__Data shown__.
__________________________________________________

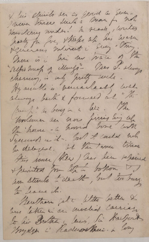 & his spirits are as good as ever -- I never knew such a man for not knocking[?] under! He reads, writes poetry for Joe *8, & keeps up his warm & generous interest in every thing. There is in him no trace of the "selfishness of illness" -- Mrs S[ymonds] always charming, is only pretty well.
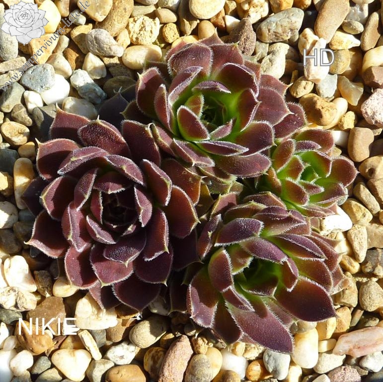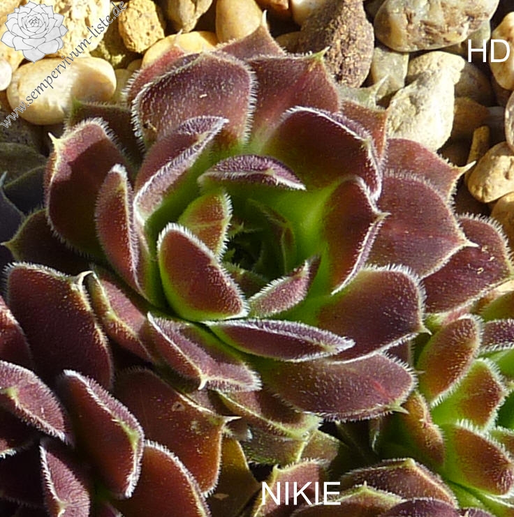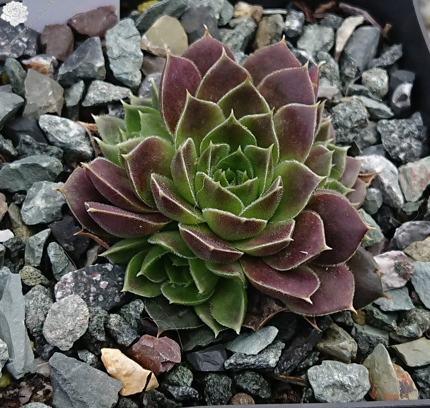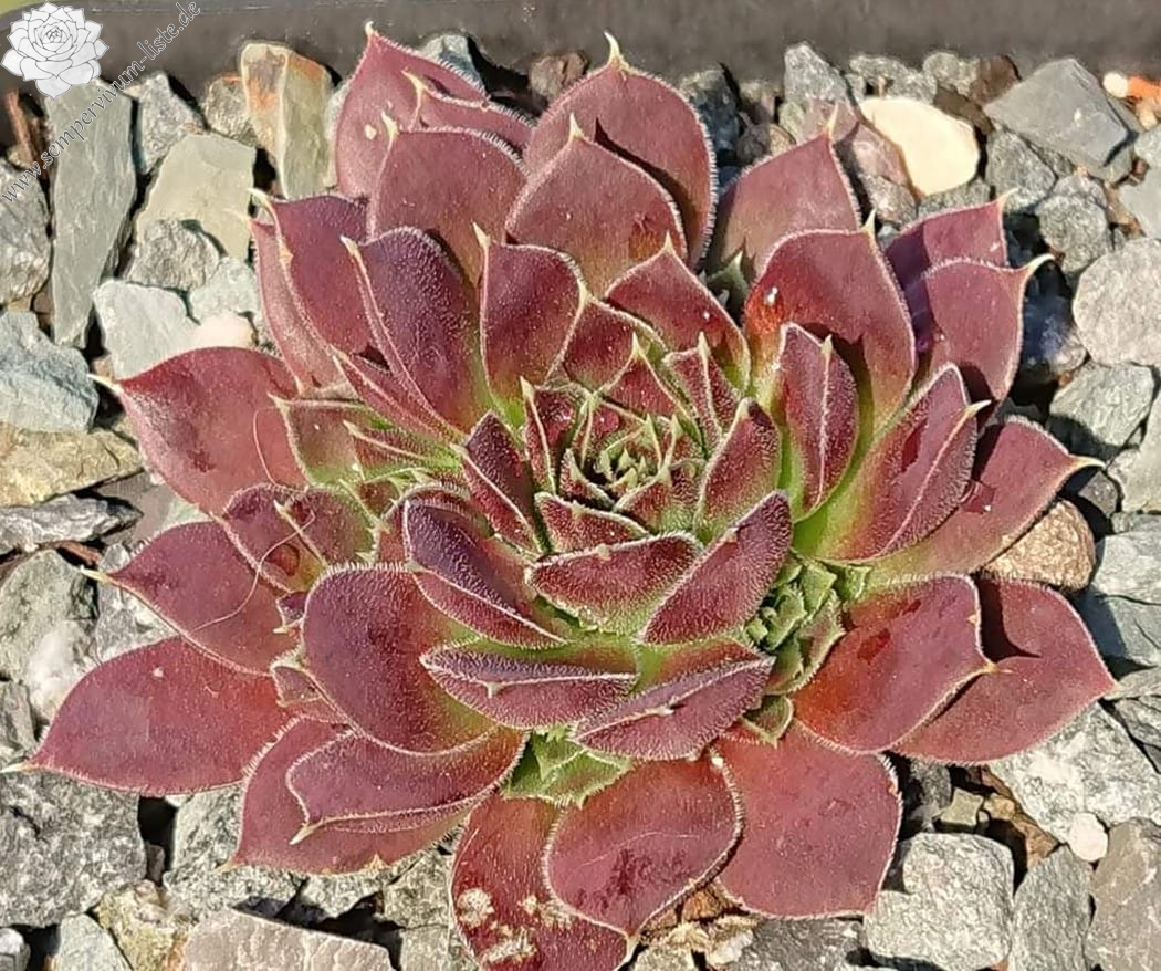 kleine Rosetten, Blätter oval, lang bespitzt, samtige Substanz, erikaviolett - braunrot, Herz hellgrün, Blattränder bewimpert
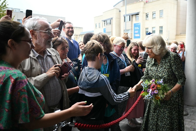 Britain's Queen Camilla (R) is greeted by well-wishers as she leaves the Dyson Cancer Centre at the Royal United Hospitals Bath NHS Foundation Trust, in Bath, western England, on September 3, 2024 at the end of her visit. The new Dyson Cancer Centre brings together the majority of the Royal United Hospital's cancer services, including a research hub, chemotherapy and radiotherapy services, a 22-bed in-patient ward, a dedicated pharmacy and nuclear medicine and physics teams., Credit:JUSTIN TALLIS / Avalon

__________________________________________________

__What this task involves__. Write out, exactly and with no pictures, the lines of the data from the first through the line containing "kleine Rosetten, Blätter".

__Expected answer__.
 & his spirits are as good as ever -- I never knew such a man for not knocking[?] under! He reads, writes poetry for Joe *8, & keeps up his warm & generous interest in every thing. There is in him no trace of the "selfishness of illness" -- Mrs S[ymonds] always charming, is only pretty well.
 kleine Rosetten, Blätter oval, lang bespitzt, samtige Substanz, erikaviolett - braunrot, Herz hellgrün, Blattränder bewimpert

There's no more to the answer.